I parked the car on the shoulder, and went the rest of the way on foot. The crime-scene tape had been removed, but all about the place was trampled grass from the most action the cemetery had seen since the War of the States. When I got to his grave, I took out a cigarette and rested it on the tombstone. He deserved one.

In my head, I remembered one of his last solid memories. He was sipping from a cup of coffee in his well-lit kitchen, and Martha was in the living room going through his jacket pockets because she was getting a load of laundry together. She discovered the note I had written to him in the guise of a rather trashy cross-dresser. Danny looked over to see what she was looking at with such disgust. “What’s up?” he asked calmly.

“What the hell is this?” she gasped. “Who the hell is Tommy Candy?”

Danny walked over and took the note from her hands. He read it, then cursed under his breath. “That sonofabitch.”

His wife’s eyes were digging holes into him. Danny smiled and said, “It looks as if Marley’s trying to help us get a divorce.”

“Dear Christ,” she said. “Why do you associate with that bum?”

“C’mon, Martha,” Danny said. “He’s not that bad. He just has a little bit of a devil’s streak in him. He’s trying, you know.”

I looked down at the grave and tipped my invisible hat to him.

“I did what I could,” I said. “Take care, partner.”

Like Bill Parker used to do, I drove a loop around Old Sherman, just to let me know, in some crazy way, that everything was going to be okay. I had no name and no destination, but there was always going to be a road to take, there was always going to be a full moon waiting for me, and no matter where I ended up, I’d keep on doing what it is that I do best.

I took a left where Main Street turned into a country road at Old Sherman and took it into the woods where it lay cracked and shaded under a tent of tree limbs. The town of Evelyn, the first place I’d had the chance to call home since I was just a boy, receded into the distance in my rearview mirror. Before long, I reached the St. Michael River and crossed Whitman’s Bridge on my way to the west.

With that, I was gone.

EPILOGUE

Mick Hanson parked his stolen car on the corner and looked out at the long and winding residential street through the dirty windshield. There wasn’t a soul in sight, and up in the cloudless sky the full moon shone, shedding enough light that he wouldn’t have to worry about tripping over anything when he was stumbling through someone’s backyard. He got out of the car, closed the door gently, and disappeared into the shadows.

He had been in San Antonio for just a couple of months. He’d never been there before coming in on one of the trains, but he knew it was a big city. There was no reason there shouldn’t be a lot of work around for a guy like him, even if his record was less than perfect.

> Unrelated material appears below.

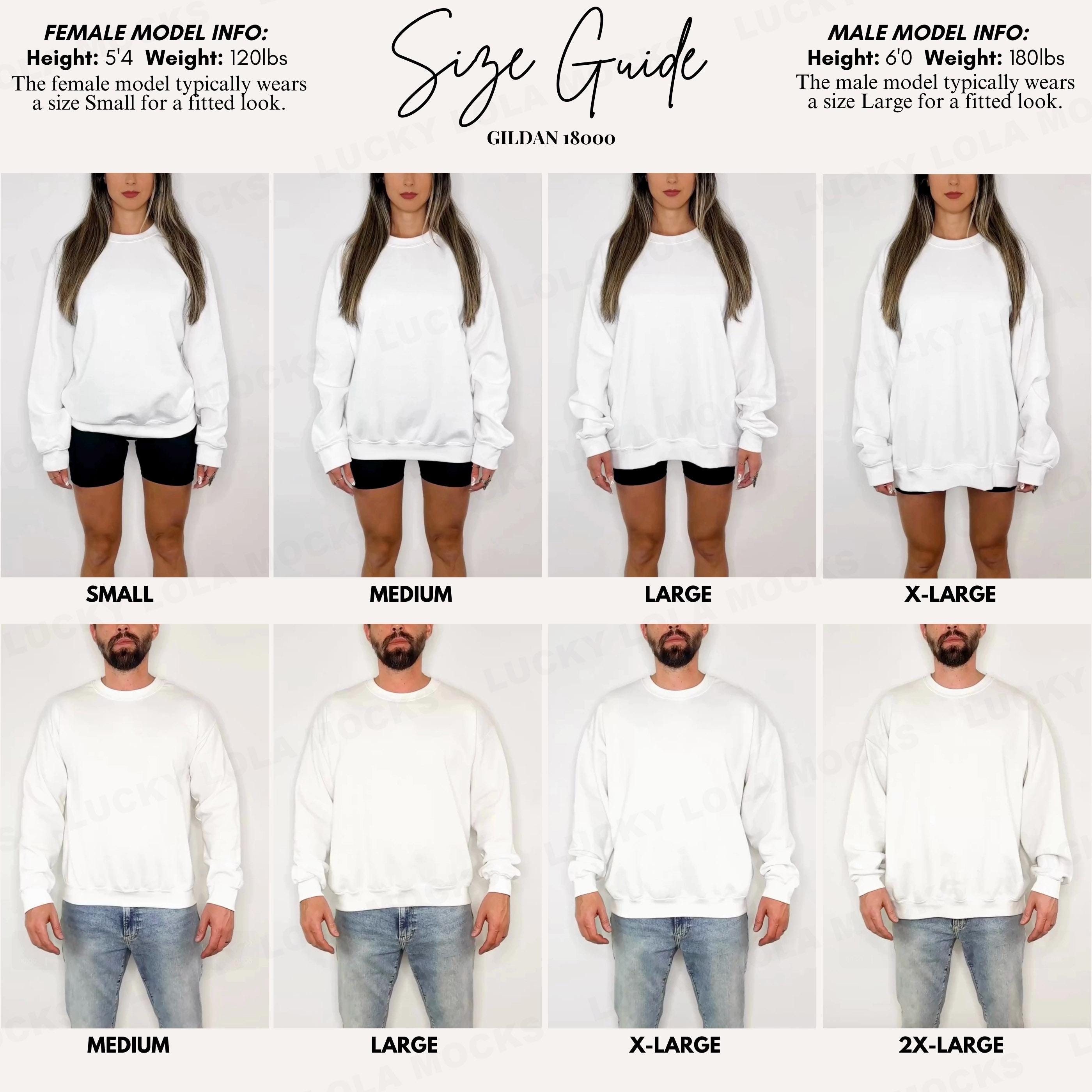 "Gildan 18000 Size Chart CREATE YOUR OWN BUNDLE! 10% OFF 3+ mockups with code: LOLA10 15% OFF 5...

Texas was supposed to be a religious kind of place after all, and if some shopkeeper there couldn’t see past his faults, then who could?

So far, Hanson hadn’t been successful in finding work, but he got by all right just the same. Locks just seemed to open at his will. And no matter where he ever found himself, there was always going to be a pawnshop close by that didn’t ask questions about how he got all the jewelry that lined his filthy pockets.

He walked along the sidewalk. Up high, there was a sign nailed to a post that spoke of a neighborhood watch. He laughed under his breath, then caught sight of a nice-looking house a few doors down. There was a car in the driveway—a red Toyota Corolla with Texas plates. He peeped through the car’s side window and covered his mouth when he saw what was there for all the world to see in the open glove box. There was a box of tampons in there. His other hand disappeared into his pants pocket. Then he went around to the back of the house.

There was a bed of flowers that filled the air with a sweet scent, and past that was a small vegetable patch, a garden hose woven across the dirt like a snake that he would have tripped over if it wasn’t such a bright night. He didn’t like tripping. Nor did he like making noise.

Hanging on a line from between the two short trees was a clothesline, and on that clothesline were several tops of varying, garish colors, a pair of jogging pants with a racing stripe along the side, a tan nightgown, and a single brassiere, pink, that fluttered in the gentle breeze. Mick Hanson licked his lips and wiped the sweat from his brow with the sleeve of his dingy T-shirt.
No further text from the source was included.